Last updated on December 6th, 2017 at 10:56 pm
In this episode, you’ll learn how to make your consulting website far more persuasive using social proof.
The website used in this example is Inscape Consulting.[Slides]
Welcome to Consulting Website Design 005: Social Proof.
In today’s episode, I’m going to give you a quick primer on social proof and how to use it on your consulting website.
One of the reasons I really like this consulting website is how Greg, the founder, uses social proof throughout the website.
As I scroll through it, you can see that we have some professional photography at the top, we have some client logos, we have some feature logos here, we have a slider for testimonials, and at the end we have some neat little counter section to show his prospects some of the numbers in the business.
The combination of these social proof elements make the website, and his business looks far more persuasive and credible.
To illustrate the point, I’m going to strip away these social proof elements, and then compare it to the original.
First I’m going to get rid of the logo section.
And then I’m going to this headshot as well as the “As Seen On” images.

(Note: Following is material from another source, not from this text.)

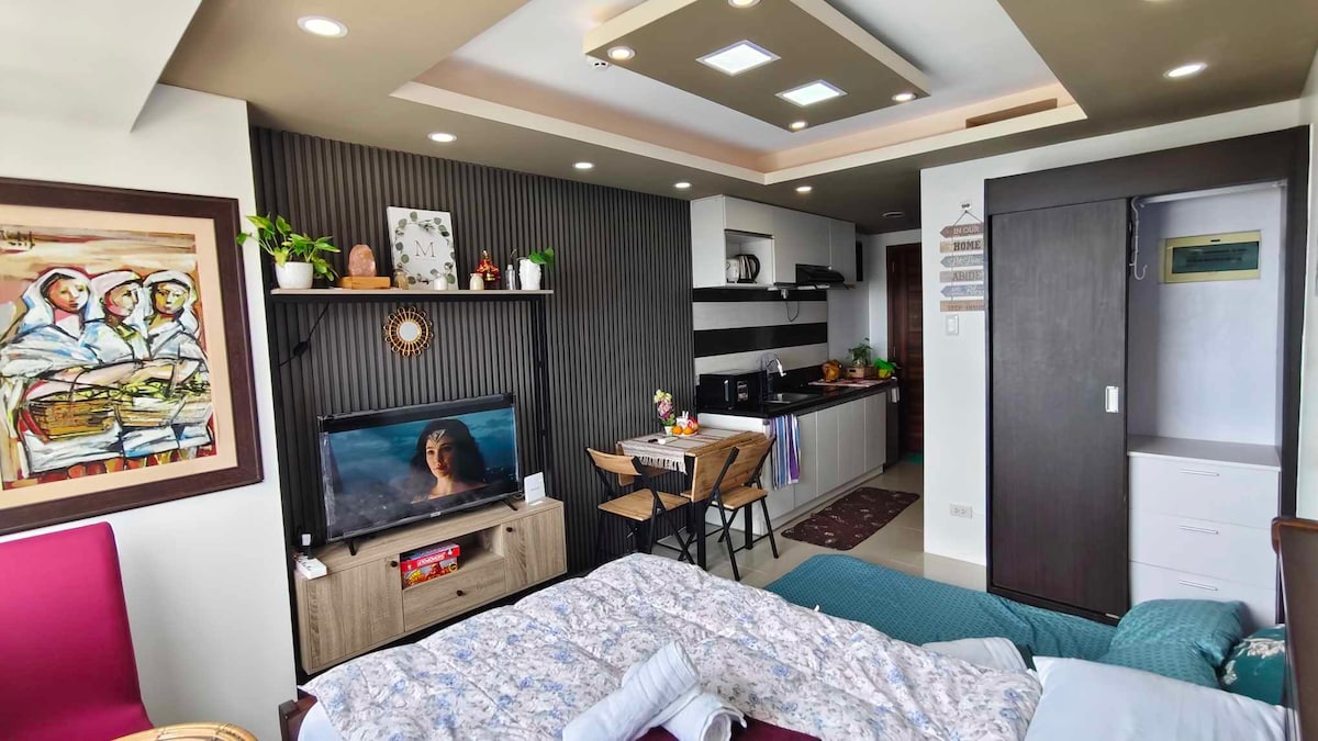 A cozy & thoughtfully furnished studio condo near Cebu’s major commercial & business hubs - IT Park & Ayala Center! So whether you’re visiting Cebu for business or leisure, you’re sure to be accessible & within reach to your destinations. Feel right at home and be greeted with the wonderful views of the sunrise, the hills and fairways. And with Fiber internet, always stay connected wether for work or Netflix. We’d love for you to experience Cebu and to feel right just at home.

Next I’m going to get rid of the testimonial section.
Finally, I’m going to get rid of the counter section.
Let’s start from the top.
So when I scroll through this again, notice how it’s not nearly as persuasive and compelling as the original, and that’s because it’s lacking that social proof.
Now the original.
Again, the original is far more persuasive than how I removed it because who you work with and what people say about you is critical in your marketing as a consultant.
This quote, taken from a Nielson-Norman Group article, explains the power of social proof:
Occasionally, in usability studies, users tell us that they don’t care about user reviews, they don’t trust other people’s opinions, and they make all of their decisions based totally on their own independent perspective. Unfortunately, thousands of psychology studies prove this “lone wolf” theory to be quite false — another example of why we should base design decisions on what users do rather than what they say.
Social-psychology studies have repeatedly indicated our conscious and unconscious reliance on each other for cues in almost all decisions that we make.
It’s easy to think that you aren’t affected by social proof, but it’s baked into your nature as a human being.
If any of you have read Robert Cialdini’s great book, Influence, you’ll know that Social Proof is one of the 6 principles of persuasion.
And when it comes to your website, you want to put these principles of persuasion to the test.
If more people click on his various CTAs — the download button for his lead magnet — because of the social proof he has on his website, then it’s a great design decision to include all of these elements on his website.
Today’s action step is really simple: beef up your website with some social proof.
Use a mixture of testimonials, client logos, features, and some design elements throughout your consulting website to make it more persuasive.